2 CA-CR 1934 | Ariz. Ct. App. | Dec 31, 1980

OPINION

HOWARD, Judge.

Appellant, convicted by a jury of attempted murder, second degree, was sentenced to not less than five nor more than fifteen years in the Arizona State Prison. Appellant contends his conviction should be reversed because (1) it was obtained by the use of illegally seized evidence; (2) his arrest in Arizona was the result of a subterfuge to defeat his resistance to extradition; (3) evidence that the intended victim had been hypnotized before trial to refresh her memory was improperly admitted and (4) the trial court erred in instructing the jury on the crime of attempted murder. We affirm.

Appellant was married to Christina Bellios in May of 1971, immediately after his graduation from medical school. His bizarre and threatening conduct towards his wife during their marriage eventually led to her return to her parents in Tucson and a divorce. She was awarded custody of their only child. The following account of the crime is based upon Dr. Henry’s testimony at trial.

After the divorce, Dr. Henry began to formulate a plan to kidnap his child, which scheme was subsequently modified to include the murder of his ex-wife. Using the name of Terry Cordell, a mental patient at the Maryland hospital where the doctor was doing his residency, he created a false identity by securing a birth certificate, social security card, and driver’s license in Cor-dell’s name. He also accumulated material to be used for his “Terry Cordell disguise”.

The opportunity to murder his wife finally arrived when he was invited to a dermatology convention in Dallas, Texas as it provided him with a perfect alibi. In Maryland, he reserved a private room in Dallas so that he could come and go undetected. He also reserved a flight on Continental Airlines from Dallas to Tucson in the name of Terry Cordell with a return flight to Dallas on American Airlines in the name of a friend, Donald Vester. He planned to change from the Terry Cordell disguise to the Donald Vester outfit prior to his departure from Tucson.

Before he left Maryland, Dr. Henry placed the intended murder weapon, a .32 caliber revolver, in a black attache case which had a broken handle, along with other items which might be used to perpetrate the crime.

After he checked into his motel room in Dallas, he wrote down his plan, step by step, together with a last minute check list and placed both in his wallet. When he left the motel room, he was dressed in his clumsy Cordell disguise.

Dr. Henry checked the attache case as baggage and because he could not find it when he arrived in Tucson, he filed a lost baggage claim with Continental Airlines. While he could not immediately carry out his plan to murder his wife, the plan was still in effect.' In the early morning hours, he walked ten miles to her house, watched it and jotted down the activities in the area. Shortly after 7:15 a. m., Christina and their son left the house while he was in plain view about 100 feet away. He walked away to get out of sight.

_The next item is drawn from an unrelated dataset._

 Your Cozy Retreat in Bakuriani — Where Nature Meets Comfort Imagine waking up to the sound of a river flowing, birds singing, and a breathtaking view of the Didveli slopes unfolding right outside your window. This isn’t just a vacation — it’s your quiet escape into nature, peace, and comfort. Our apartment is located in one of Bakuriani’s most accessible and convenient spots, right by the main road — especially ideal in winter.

*206Christina operated a nursery school in the house next door to her own. Dr. Henry became curious when he did not see any activity at the school so he called Christina, pretending to be Tim LaShanta, a person who was interested in seeing the school. After the conversation, he was struck with remorse and realized he could never kill Christina. He then walked downtown to the Marriott Hotel and took an airport limousine to the terminal. He went to the Continental Airlines ticket counter and upon inquiry, was handed his lost attache case.

While we have set forth the foregoing facts as recited by the doctor, there was evidence which showed he had his attache case with him when he went to Christina’s house, that he sedated a dog in the yard with a tranquilizer, broke into the school next door, and called Christina in an attempt to lure her inside the school where he could murder her.

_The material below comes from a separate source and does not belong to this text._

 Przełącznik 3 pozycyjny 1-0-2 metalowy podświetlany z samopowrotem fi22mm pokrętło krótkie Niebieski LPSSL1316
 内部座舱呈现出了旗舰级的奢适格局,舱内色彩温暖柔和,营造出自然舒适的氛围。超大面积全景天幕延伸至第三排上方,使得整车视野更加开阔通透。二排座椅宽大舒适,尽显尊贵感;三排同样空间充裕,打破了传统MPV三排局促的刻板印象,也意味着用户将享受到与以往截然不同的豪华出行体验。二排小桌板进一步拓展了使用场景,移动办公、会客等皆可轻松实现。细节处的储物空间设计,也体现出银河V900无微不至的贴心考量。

Continuing with the scene at the airport as testified to by Dr. Henry, he went to the American Airlines counter to upgrade his ticket to a day coach in order to leave earlier than scheduled. The ticket agent, Mr. Gene Zarr, noticed that Dr. Henry seemed exceedingly nervous and that he was trying to disguise himself since he was wearing a long-haired, ill-fitting black wig. Mr. Zarr also noted that when Dr. Henry reached into his pocket for money, the muscle of his arm wrinkled indicating that rather than being a very large, heavy-set man as he appeared, he was actually wearing a great deal of padding underneath his clothing.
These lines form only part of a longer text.